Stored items
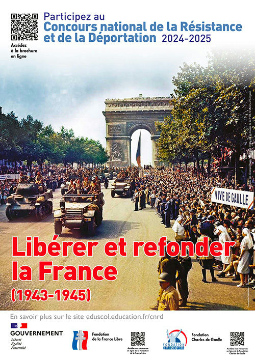 Le concours national de la Résistance et de la Déportation (CNRD) est ouvert aux collégiens de troisième et aux lycéens en France et dans les établissements scolaires français à l'étranger. Il perpétue chez les élèves la mémoire de la Résistance et de la Déportation pour leur permettre de s'en inspirer et d'en tirer des leçons civiques dans leur vie d'aujourd'hui.
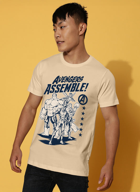Avengers Assemble Brown Regular Printed T-Shirt
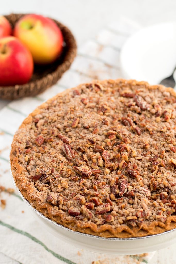 Ανακατέψτε το αλεύρι, τη ζάχαρη και την κανέλα μαζί σε ένα μεσαίο μπολ. Κόψτε  και χτυπήστε το βούτυρο στο μείγμα με ένα μπλέντερ ζύμης μέχρι να έχετε χοντρούς σβόλους. Προσθέστε τα θρυμματισμένα πεκάν και ανακατέψτε για να τα συνδυάσετε καλά.
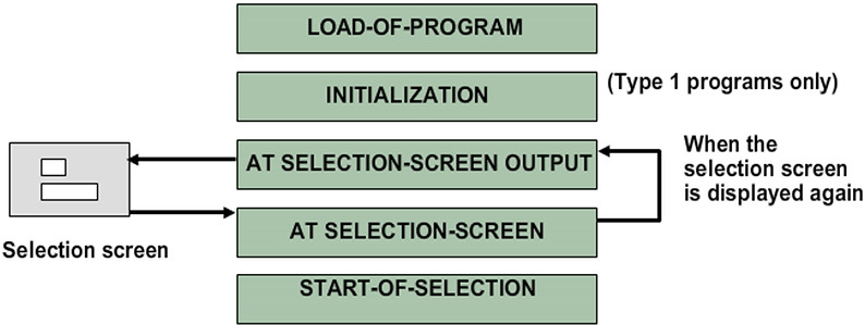 AT SELECTION-SCREEN OUTPUT is processed immediately before, and AT SELECTION-SCREEN immediately after, the selection screen is displayed. Because the selection screen might be displayed multiple times (when the user chooses ENTER, for example), these event blocks can be processed multiple times.
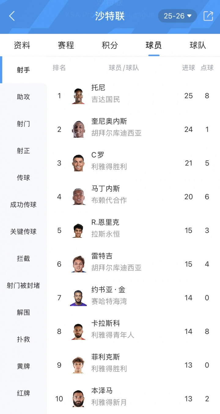 在沙特联弓手榜上,伊万·托尼25球独自领跑,奎尼奥内斯24球第二,C罗21球第三。
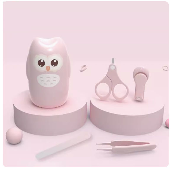爆款寶寶指甲剪套裝(卡通貓頭鷹兒童指甲護理套裝-粉色)
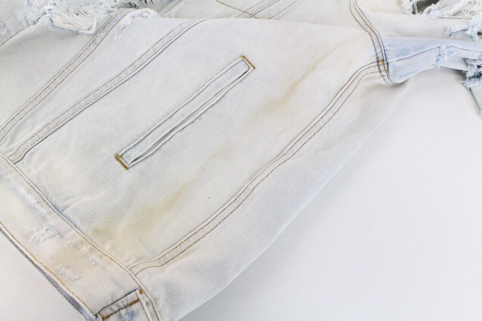 CONDITION: New with defects. Stains on the left side and left sleeve at the front. Please see added photos.
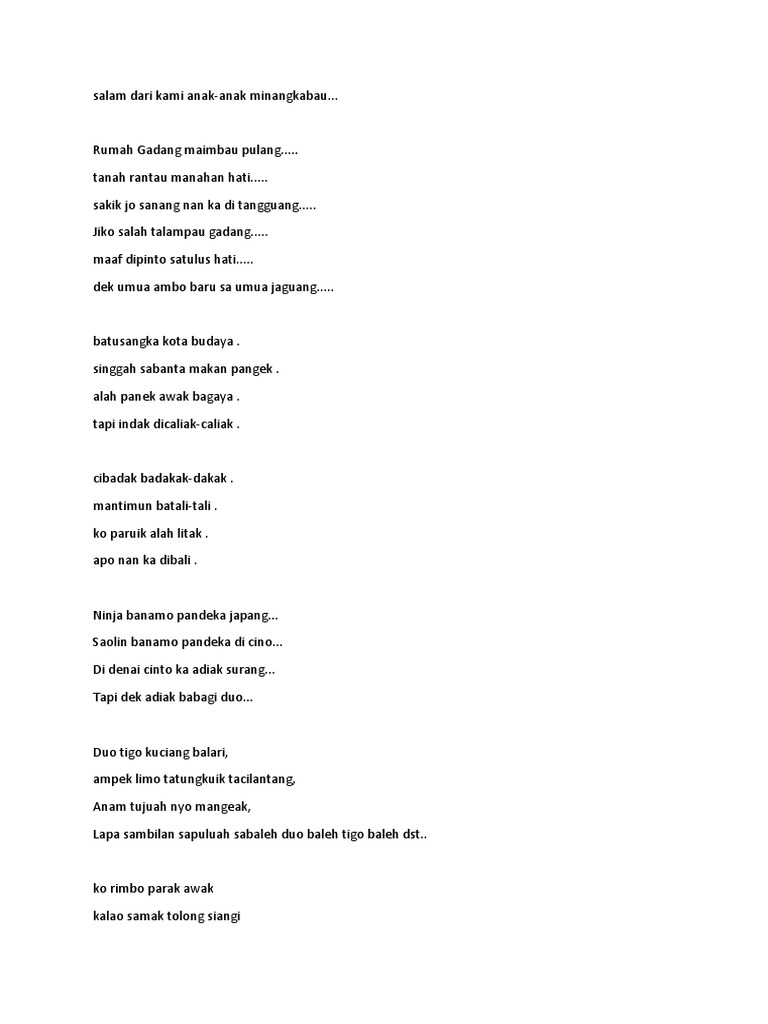 Minang dan Pantun tak dapat dipisahkan. Banyak cara yang dilakukan seseorang ketika ia ingin meminta maaf kepada orang lain mulai dari. Join Facebook to connect with Pantun Minang Putra Cinto and others you may know.

- _TASK PROMPT_: The answer must consist solely of the lines from the one with "CONDITION: New with" through the final line of the data, each reproduced exactly and with pictures omitted.

- _ANSWER SPACE_:
 CONDITION: New with defects. Stains on the left side and left sleeve at the front. Please see added photos.
 Minang dan Pantun tak dapat dipisahkan. Banyak cara yang dilakukan seseorang ketika ia ingin meminta maaf kepada orang lain mulai dari. Join Facebook to connect with Pantun Minang Putra Cinto and others you may know.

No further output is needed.